Our Summary
This research paper discusses different surgical techniques used for treating problems related to the aortic valve and the ascending aorta (the main artery that carries blood away from the heart). One technique, known as the Bentall procedure, involves using a prosthetic (artificial) valve. Initially, these artificial valves were mechanical, but biological prostheses (made from human or animal tissue) were later introduced to avoid the need for patients to take anticoagulant medication long-term, which can have complications.
As more older patients need aortic root surgery, and data suggests that biological aortic valves are also useful in younger patients, the use of biological valves in the Bentall procedure has been increasing. At the same time, aortic valve-sparing (AVS) operations have been becoming more popular. These operations aim to save the patient’s own aortic valve when there is an aortic root aneurysm (a bulge or “ballooning” in the aortic root).
In recent years, there have been important advancements in this field. These include improvement and refinement of AVS techniques, a new system for classifying aortic insufficiency (a condition where the aortic valve does not close tightly), and new surgical approaches for treating cusp disease (a condition affecting the flaps of the aortic valve).
Both AVS and the Bentall procedure can effectively reconstruct the aortic root and provide good long-term results for valve durability. The AVS technique has several advantages over the Bentall procedure, including no need for taking oral anticoagulants and lifestyle adjustments. AVS operations are becoming more widely accepted as alternatives to the Bentall procedure for patients with aortic root problems. However, there is currently a lack of data comparing the safety and durability of these two approaches.
FAQs
- What is the Bentall and De Bono technique for aortic root replacement?
- What are the advantages of the aortic valve-sparing (AVS) technique over the Bentall procedure?

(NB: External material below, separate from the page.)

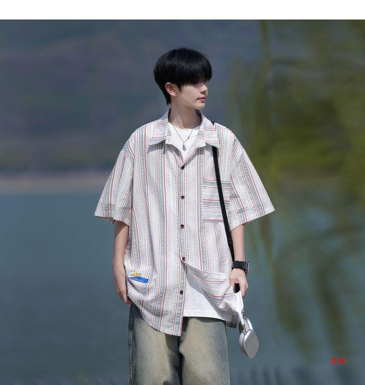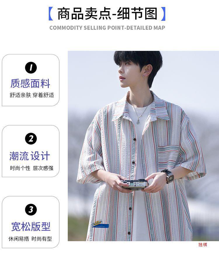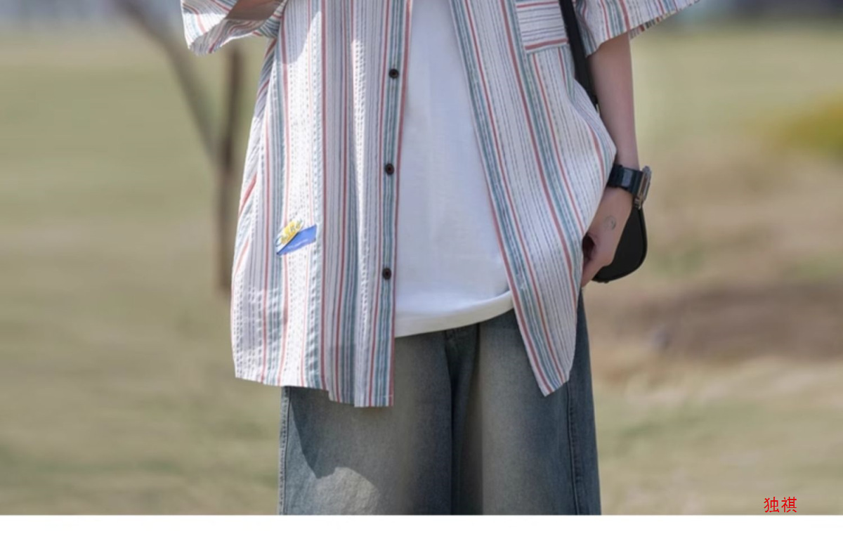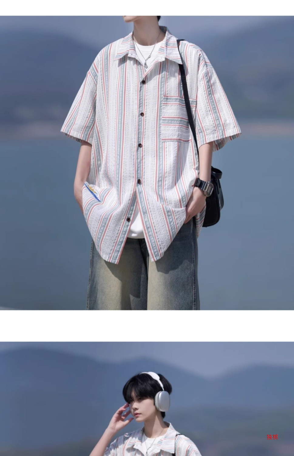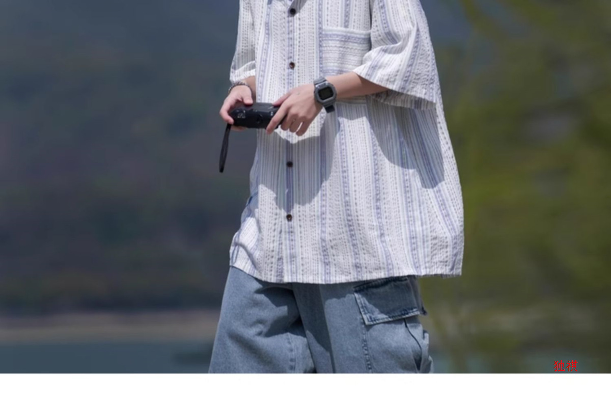 선샤인 클린 보이즈 스트라이프 셔츠 반팔 여름 2024 새로운 하이 엔드 아이스 실크 7부 소매 셔츠스토어 가기

- How have the techniques for valve preserving aortic root replacement evolved over the past decade?
Doctor’s Tip
One helpful tip a doctor might tell a patient about valve replacement is to follow up regularly with your healthcare provider to monitor the function of the new valve and ensure that it is working properly. It is important to attend all scheduled appointments and follow any recommended lifestyle changes or medications to maintain the health of the valve and prevent complications.
Suitable For
Patients who are typically recommended valve replacement include those with aortic valve and ascending aorta pathologic conditions, such as aortic root aneurysms, aortic regurgitation, aortic dissection, and aortic stenosis. Patients who are at increased risk of complications from long-term anticoagulation therapy, such as older patients and younger patients with an active lifestyle, may be recommended biological valve replacements. Patients with otherwise normal aortic valves in the presence of a root aneurysm may be candidates for aortic valve-sparing operations. Additionally, patients who require aortic root surgery and are not suitable candidates for valve-sparing procedures may be recommended composite valve graft implantation. Ultimately, the decision to recommend valve replacement is based on the individual patient’s specific condition and risk factors.
Timeline
Before valve replacement:
- Patient experiences symptoms such as chest pain, shortness of breath, fatigue, and dizziness due to aortic valve disease.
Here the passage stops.